Talk about the similarities and differences between our autocomplete engine and large language models like ChatGPT.

<br><br><br>

## Categorical variables among the penguins

In [None]:
import pandas as pd
import numpy as np
import matplotlib.pyplot as plt

In [None]:
penguins = pd.read_csv("data/penguins.csv")
penguins

<br><br><br>

In [None]:
penguins[["species", "island", "sex"]]

In [None]:
penguins["species"].unique()

In [None]:
penguins["island"].unique()

In [None]:
penguins["sex"].unique()

<br><br><br>

Many (not all!) machine learning models require inputs and outputs to be numerical. How can we do that?

<br><br><br>

### Method 1

Associate a number to each category. We've already done this.

In [None]:
pd.Categorical(penguins["species"]).codes

In [None]:
pd.Categorical(penguins["island"]).codes

In [None]:
pd.Categorical(penguins["sex"]).codes

<br><br><br>

Notice that this plot is using a numerical relationship among Adelie, Gentoo, and Chinstrap to give the horizontal axis an order (Adelie first, then Gentoo, then Chinstrap).

In [None]:
penguins["species"].value_counts().plot(kind="bar")

In [None]:
pd.crosstab(penguins["species"], penguins["island"])

In [None]:
fig, ax = plt.subplots()

matrix = ax.matshow(pd.crosstab(penguins["species"], penguins["island"]).values)
fig.colorbar(matrix, label="number of penguins")

ax.set_xticks([0, 1, 2], ["Biscoe", "Dream", "Torgersen"])
ax.set_yticks([0, 1, 2], ["Adelie", "Chinstrap", "Gentoo"])

None

<br><br><br>

The disadvantage of this method is that the order is not meaningful—it's something we made up—and a machine learning model might optimize for it.

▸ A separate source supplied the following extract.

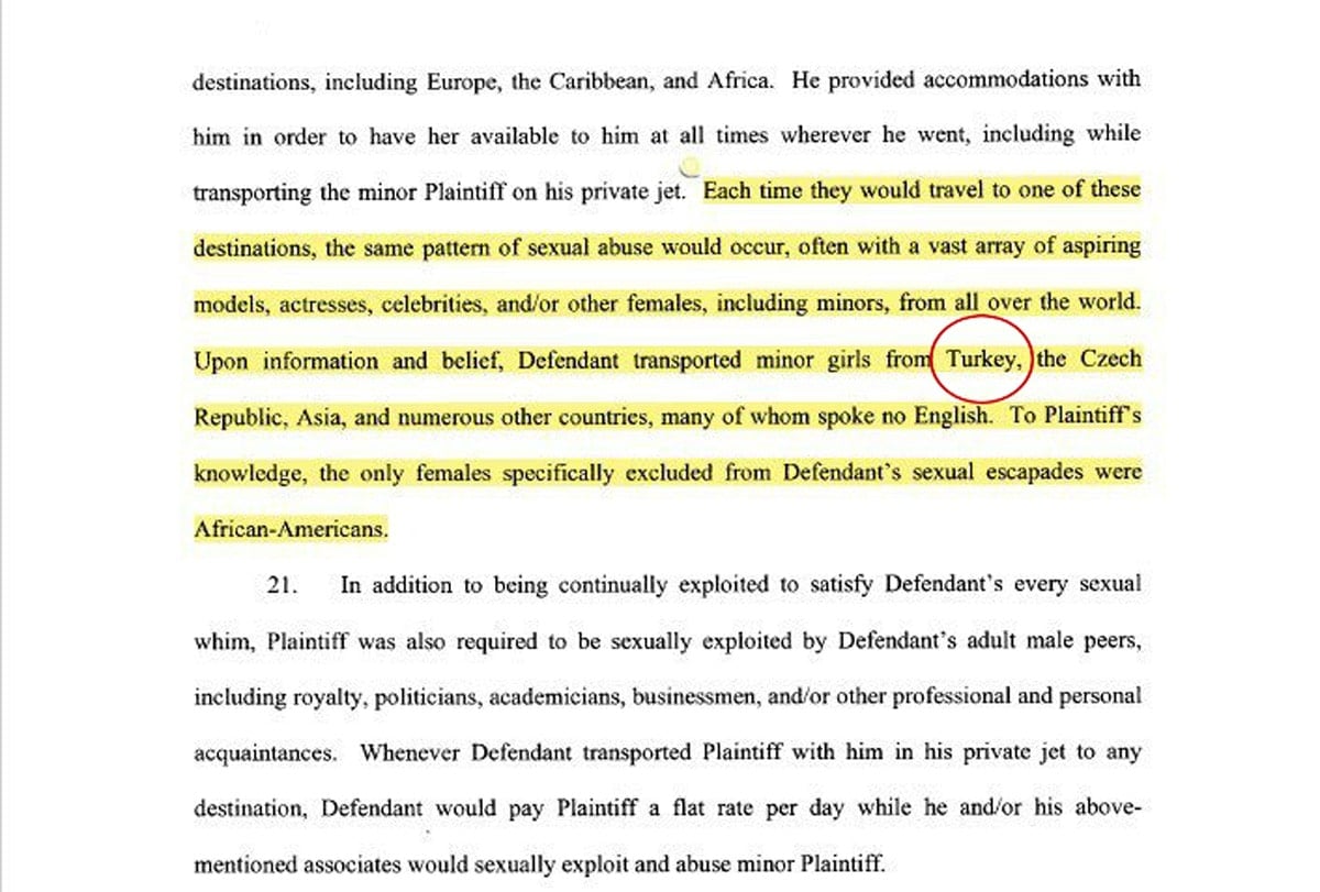 “Amerikan Adalet Bakanlığı, Epstein dosyasındaki bazı bilgi ve belgeleri açıkladı. Belgelerde Türkiye’den küçük kız çocuklarının istismar adasına götürüldüğü yazıyor. Çocukların İngilizce bilmedikleri için zorluk çektikleri de not edilmiş. Tek kelimeyle korkunç bir insanlık suçu.”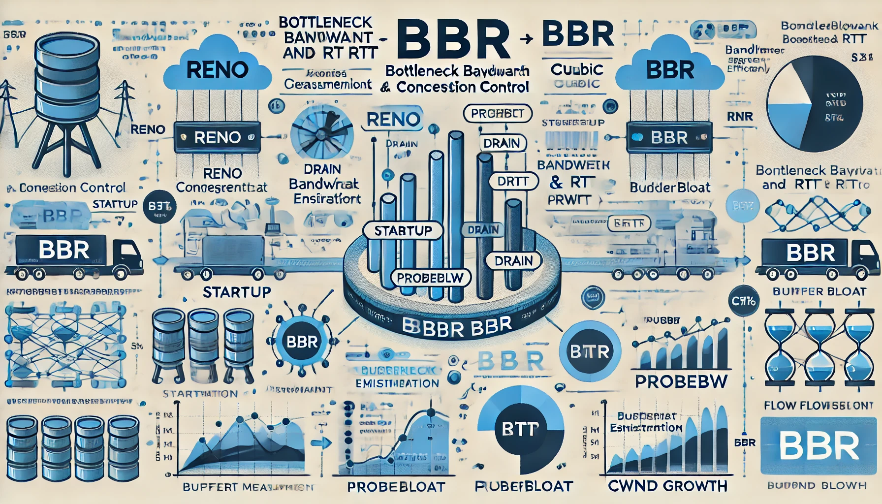 **BBR(Bottleneck Bandwidth and RTT)**는 패킷 손실이 아닌 대역폭(BtlBw)과 최소 RTT(RTprop)를 측정하여 혼잡 윈도우(CWND)를 조절하는 방식의 TCP 전송 제어 알고리즘입니다.

It's an invitation to overfitting (which can be controlled, but still).

<br><br><br>

### Method 2

Create a dimension for each value of a categorical variable:

In [None]:
expanded_penguins = pd.get_dummies(penguins.dropna(), columns=["species", "island", "sex"])
expanded_penguins

In [None]:
fig, ax = plt.subplots(figsize=(6, 6))

sex2D = expanded_penguins[["sex_female", "sex_male"]].values

# scatter a little, so we can see overlapping points
sex2D = sex2D.astype(np.float64) + np.random.normal(0, 0.05, (len(expanded_penguins), 2))

ax.scatter(sex2D[:, 0], sex2D[:, 1], marker=".")

ax.set_xlim(-0.3, 1.3)
ax.set_ylim(-0.3, 1.3)
ax.set_xlabel("sex_female")
ax.set_ylabel("sex_male")
ax.axhline(0, color="gray", ls=":")
ax.axvline(0, color="gray", ls=":")

None

In [None]:
fig = plt.figure(figsize=(6, 6))
ax = fig.add_subplot(projection="3d")

island3D = expanded_penguins[["island_Biscoe", "island_Dream", "island_Torgersen"]].values

# scatter a little, so we can see overlapping points
island3D = island3D.astype(np.float64) + np.random.normal(0, 0.05, (len(expanded_penguins), 3))

ax.scatter(island3D[:, 0], island3D[:, 1], island3D[:, 2], marker=".")

ax.set_xlabel("Biscoe")
ax.set_ylabel("Dream")
ax.set_zlabel("Torgersen")

None

<br><br><br>

The disadvantages of this method are that

* we quickly end up with a lot of dimensions, which uses more memory and computation time, and
* all the values between and beyond 0 and 1 are meaningless.

But if you can afford it, it's a robust way to make models!